An orbiting object is further affected by the solar wind, fluctuations in the earth’s magnetic field, and even the pressure of the sunlight.  The largest effect is the variation in the density of the upper atmosphere.  It is sound strange to talk about density of the atmosphere where the vacuum is better than anything that can be created in a laboratory on the earth.  Those few widely separated atmospheric molecules that are struck by an orbiting object determines the rate at which the orbit decays.  Atmospheric density is hard to predict, the solar sunspot cycle alternately heats and cools the atmosphere at high altitudes making its density vary with time and location.  Atmospheric density at LEO cannot be measured directly and only roughly predicted. 

Orbital decay due to atmospheric drag depends on an object’s ballistic coefficient; a function of its surface area and density.  It stands to reason that a larger lightweight object – say a fabric thermal blanket – will be slowed down by atmospheric drag faster than a smaller denser object like a steel bolt.  Interestingly an object’s ballistic coefficient can change if the attitude is controlled – that blanket edge on to the direction of travel has a different ballistic coefficient than if it presents a full face to the ‘wind’. 

Orbital decay works on everything in LEO, it just takes on time.  At 350 miles high the Hubble Space Telescope has maybe three decades of orbital life after its last reboost.  At 600 miles high, a high ballistic coefficient object may hold out for almost a century.  Lower, at 100 miles high orbital lifetime may be only days.  If the orbit is not circular but elliptical, the most drag comes at the lowest point.  The perigee matters. 

Given all of this, it is not hard to see why predicting upcoming collisions between objects in LEO is messy and sometimes imprecise.  Given the uncertainties, it has become standard practice to analyze any predicted collision – or close pass – to mathematically determine the probability of actual contact.  Usually, the number is really small.  But not always.

The Two-Line Elements (TLE) that are made public to describe an object’s orbital state have little of that uncertainty information.  In the official world, there is much more information to go into the calculation. 

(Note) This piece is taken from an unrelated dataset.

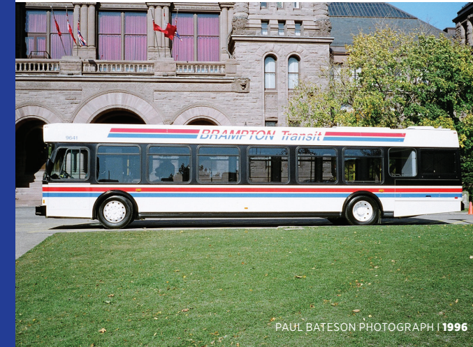
PAUL BATESON PHOTOGRAPH | 1996

In the case of the ISS, if a conjunction is predicted and it falls into a highly likely probability of collision, the team springs into action.  Well, springs may not be truly descriptive.  Preparations proceed slowly.  The ISS uses thrusters on the Russian segment to provide translation – to move away from a predicted collision.  It doesn’t take much thrust to move the propagated position out of harm’s way given the given several hours to a few days between the DAM (debris avoidance maneuver) and the time of closest approach.  But the Russian segment is old fashioned and requires a specific uplink command to fire the engines.  Doing the math, building the command, and verifying it is correct can take several hours.  Nothing very fast in this process.  So, if a conjunction is predicted in a very short time, well, we all hope it’s a big sky and the uncertainties fall in your favor. 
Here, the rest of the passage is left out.